Even though the coverage of the increasing term insurance plan increases every year, the premium rate of the policy usually remains the same throughout the policy term. While computing the premium at the initiation of the policy, the insurance company accounts for the increase in the sum assured amount. So the premium of the policy remains uniform throughout the policy tenure. Generally, the premium paid in the starting years is higher as compared to the later years because a higher premium amount is required to compensate for the lower premium of the policy when the sum assured amount of the policy increases over time. However, it is important to note that the increasing term insurance plan charges a higher premium rate as compared to the level term insurance policy or decreasing term insurance plan.
As stated above, the sum assured amount of the policy increases per annum.
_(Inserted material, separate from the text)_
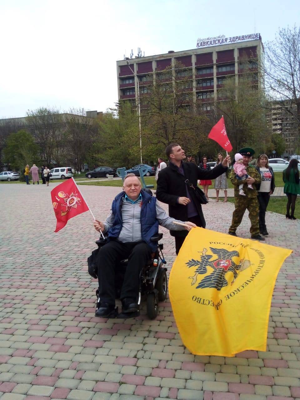 18 апреля 2022 года в г. Минеральные Воды под руководством члена Регионального отделения Российского военно-исторического общества в Ставропольском крае (РО РВИО СК) Акопяна М.Б. студенты ЧПОУ «Ставропольский кооперативный техникум» приняли участие в краевом автопробеге «Эх, путь-дорожка фронтовая», проходящем в рамках всероссийской акции «Знамя Победы». Координатор автопробега – В.И. Лозовой, депутат Думы Ставропольского края, подполковник пограничных войск ФСБ, кавалер Ордена Мужества, член РО РВИО СК.

However, in some of the increasing term insurance policies, there is a certain limit to the maximum raise of the sum assured amount. Once the sum assured amount reached the maximum limit it remains constant for the rest of the policy tenure. The rate of increase of the sum assured amount is stated as an absolute amount or as a percentage. In both cases, it remains constant for the policy tenure and is mentioned beforehand.
Similar to the pure term insurance plan, the increasing term insurance plan also offers an only death benefit. In case of the demise of the insured person during the policy tenure, a death benefit equal to the sum assured amount applicable is paid to the nominee of the policy. While most of the increasing term insurance plan provides the coverage amount as lump-sum on the death of the insured person. Some plans also offer annual and monthly income payout options. Under this option of payout, half of the death benefit amount is paid as lump-sum, while the rest of the amount is paid as an annual or monthly income for a specific tenure.
Riders are add-on coverage offered by the increasing term insurance policy to enhance the coverage of the policy. the most common type of rider benefits offered by the increasing term insurance plan are:
Accidental death and disability benefit rider
Waiver of premium rider
Critical illness rider
Let’s take a look at some of the advantages of purchasing an increasing term insurance policy.
The major advantage of purchasing an increasing term insurance policy is that it offers a low and affordable premium rate. Moreover, the premium of the policy also remains constant throughout the policy tenure and does not increase with the increase in the sum assured amount.
With the mushrooming rate of inflation, the coverage amount you purchase for your family now might not be enough to take care of the liabilities in the future in your absence. As the sum assured amount in increasing term insurance policy increases every year, it helps you to deal with the increasing inflation and provides you the right coverage to ensure the financial security of your loved ones.
Along with the benefit of providing financial security to your loved ones, the increasing term insurance policy also provides the advantage of tax saving. The premium paid towards the policy up to the maximum limit of Rs.1.5 lakh is eligible for tax exemption U/S 80C of the Income Tax Act.
With the increase in age, the financial responsibility of an individual also increases with time. As you grow old and get married, you have to plan for your kid’s financial future, pay off loans, create a retirement fund, accumulate wealth for the future, etc. With an increase in financial needs, the sum assured of the policy should also increase. The increasing term insurance plan helps you to fulfill the financial responsibility of your family even in your absence and help them to maintain a good lifestyle.
An increasing term insurance policy is best suitable for individuals who are young and expect their responsibilities to increase in the future. However, before making an informed decision make sure that you compare the plans and choose the plan which best suits your requirement.